4

I have a cron job to purge data older than a certain # of months (set by user). The cron job calls a purgeData() method that purges data from a postgres table. I manipulate java Calendar from the current date (via GregorianCalendar.getInstance) to determine the target date in which to delete data prior to.

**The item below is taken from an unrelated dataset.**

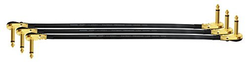 3 Units - Mogami 2524 - 2 Foot - Guitar Bass Effects Instrument, S-Shaped Patch Cable with Premium Gold Plated ¼ inch (6.35mm) Low-Profile, Right Angled Pancake type Connectors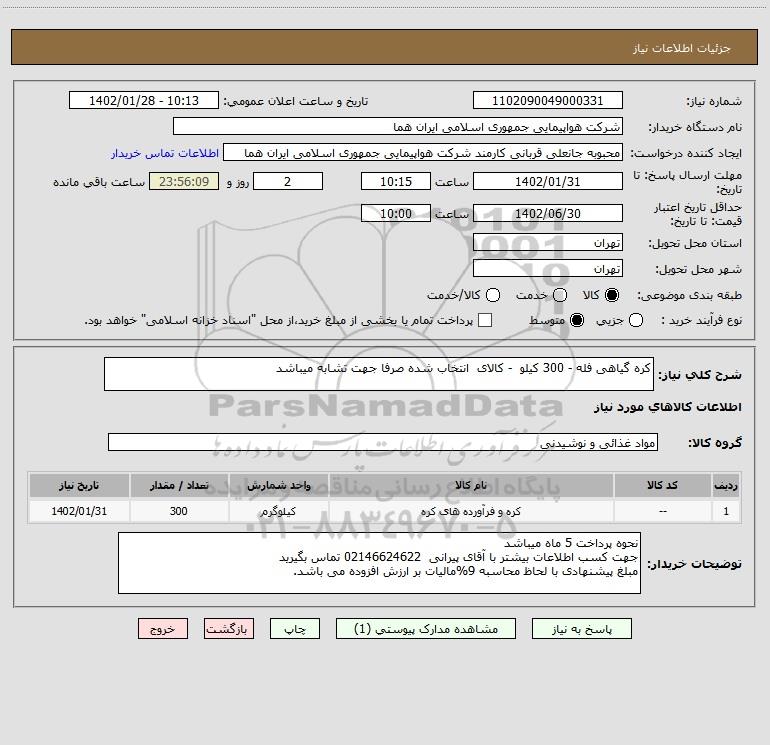 نام دستگاه خریدار:شرکت هواپیمایی جمهوری اسلامی ایران هما

My problem is that calendar manipulation and/or converting the newly manipulated calendar to a string for use in postgres fails occassionally, setting the target date to the current date which deletes everything prior to the current date, rather than data older than 1 (or #months to keep data) month old.

Here is my simple date format:

public static final SimpleDateFormat dateFormatter = new SimpleDateFormat(
            "yyyy-MM-dd HH:mm:ss.SSS");

Here is my method:

public String purgeData() throws ParseException {
    Connection con = null;
    String sqlString = "";
    PreparedStatement pst = null;
    String returnString = "";

    Calendar startDate = GregorianCalendar.getInstance();
    returnString += "# Months to keep data: " + getNumMonthsKeepData();
    startDate.add(Calendar.MONTH, getNumMonthsKeepData() * -1);
    String targetDate = dateFormatter.format(startDate.getTime());
    Calendar today = GregorianCalendar.getInstance();

    returnString +=" Target date (string): " + targetDate + " start date (Calendar): " + startDate.toString() + ", Start month: " + startDate.get(Calendar.MONTH) + ", Current month: " + today.get(Calendar.MONTH);

    if (startDate.get(Calendar.MONTH)!= today.get(Calendar.MONTH)) {

        String tableName = getPreviousMonthlyTable();
        try {
            con = getDBConnection();

            try {
                // Delete old data
                sqlString = "DELETE FROM \"" + tableName
                        + "\" WHERE  datetime < '" + targetDate + "'";

                pst = con.prepareStatement(sqlString);
                int rowsDeleted = pst.executeUpdate();
                returnString += "SUCCESS: Purged data prior to " + targetDate
                        + " # rows deleted: " + rowsDeleted
                        + "( # rows deleted last purge: "
                        + numRowsDeletedPreviously + " )\n";

            } catch (SQLException ex) {
                returnString += "FAILED to execute: " + sqlString;
            }

            try {
                if (pst != null) {
                    pst.close();
                }
                if (con != null) {
                    con.close();
                }

            } catch (SQLException ex) {
                return null;
            }
        } catch (SQLException ex) {
            returnString += "Delete from table fail: " + ex.getMessage();
        }
    } else {
        returnString += "FAIL:  Fail to delete data prior to: " + targetDate + ". Start month: " + startDate.get(Calendar.MONTH)
                + " equals current month: " + today.get(Calendar.MONTH);
    }
    return returnString;
}

The date failure seems random, as when it is successful on one deployment, it fails on another.

Fail output:

20150421-00:33:11.006 Postgres Notification - Purge: # Months to keep data: 1 Target date (string): 2015-04-21 00:00:00.001, Start month: 2, Current month: 3 SUCCESS: Purged data prior to 2015-04-21 00:00:00.001 # rows deleted: 7575704( # rows deleted last purge: 26608 )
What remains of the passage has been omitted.